Electricity and heat
Damages to energy infrastructure also cause the disruptions in electricity supply for the whole country. Luckily, most of the coal towns we talked to said that the supply was stable before massive attacks on energy infrastructure. Local authorities also prepared for the winter and stated that the heating plants are getting ready for the season. Most of the heat in the region is generated from coal or gas and it`s the main reason to worry. None of those communities is sure that they will have enough fuel to keep their homes warm.
The sad irony is that the people who provided the country with coal for decades now have none of it for their own families. Even more sad that those people didn`t want to be dependent on dirty fuel anymore. One of the Platform`s first projects-to-be were aimed to diversify energy sources by building solar panels on the roofs of municipal buildings and creating energy cooperatives. The war forced them to suspend the project and turn back to fossils to ensure their survival. They seek for new generators to keep lights on at least in the bomb shelters. Yet the green dream is not yet abandoned and the Platform is ready to keep walking the path of just transition as soon as russian troops leave Ukraine and all the citizens are safe.
As noted, all of the towns of the Platform are dependent on the coal industry, specifically coal mines. Most of them had been working for decades, they are outworn and unprofitable, and the long-waited phaseout is needed or even required for them. Closed coal mines are hard to maintain even in a peaceful country. Water collects in the hallows that once were the mines and may wash out the toxins and dangerous substances into the underground waters, penetrating into both surface water bodies and public water sources. Therefore, when the mine is closed, water pumps have to keep working to prevent it.
Russian missiles repeatedly hit coal facilities, so most of the mines aren`t currently working. In Selydove the mine lacks people because lots of workers have fled from the war. In Toretsk three coal mines stopped after several shellings. In Novodonetske, however, three local mines keep working even under attacks. Two of them are equipped with generators to power water pumps and secure the safe evacuation of the workers in case of a power outage. Some of the mines in the region don`t extract coal anymore, but still electricity is needed to pump out water. If the supply disrupts, it may cause the flooding and lead to an ecological disaster.
This was a problem even before the invasion. The Platform looked at potential solutions to purify pumped mine water and reuse it in the public water supply. After the full-scale russian invasion, this plan was delayed, but not abandoned. Myrnohrad conducts preparatory analyses and is ready to keep working on the project though the future of the region is still unsure.

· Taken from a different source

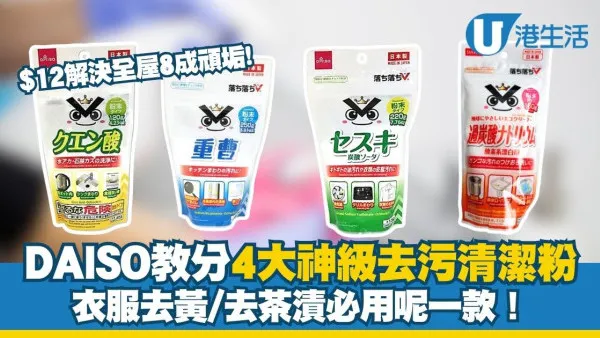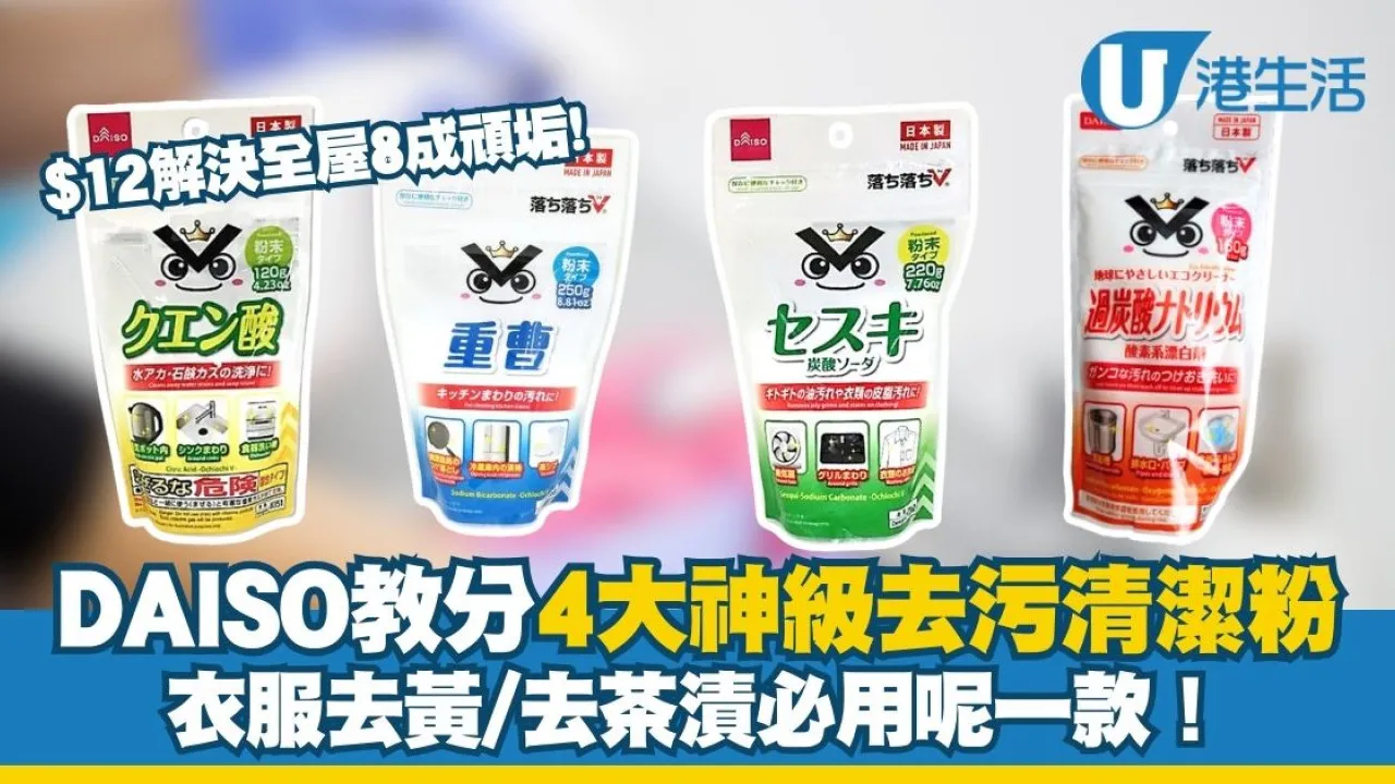 日本DAISO的清潔劑粉末主要分為檸檬酸、小蘇打(重曹)、倍半碳酸鈉及過碳酸鈉四類,各有不同的去污功效。

Small, cozy and quiet towns are not just places around coal mines – they are homes of tough and brave people. It took a lot of courage to start phasing out the industry they were born around and have grown with. It takes even more courage to maintain life in the towns with the war next door. Looking at how they fight for survival now, one may have no doubts – they will win now, and they will win tomorrow when they return to their fight for a just and green future.
Coal towns of Donetsk Oblast still need:
- Water tanks and tankers
- Drilling of wells
- Installation of sanitary modules
- Installation of mobile water purification stations.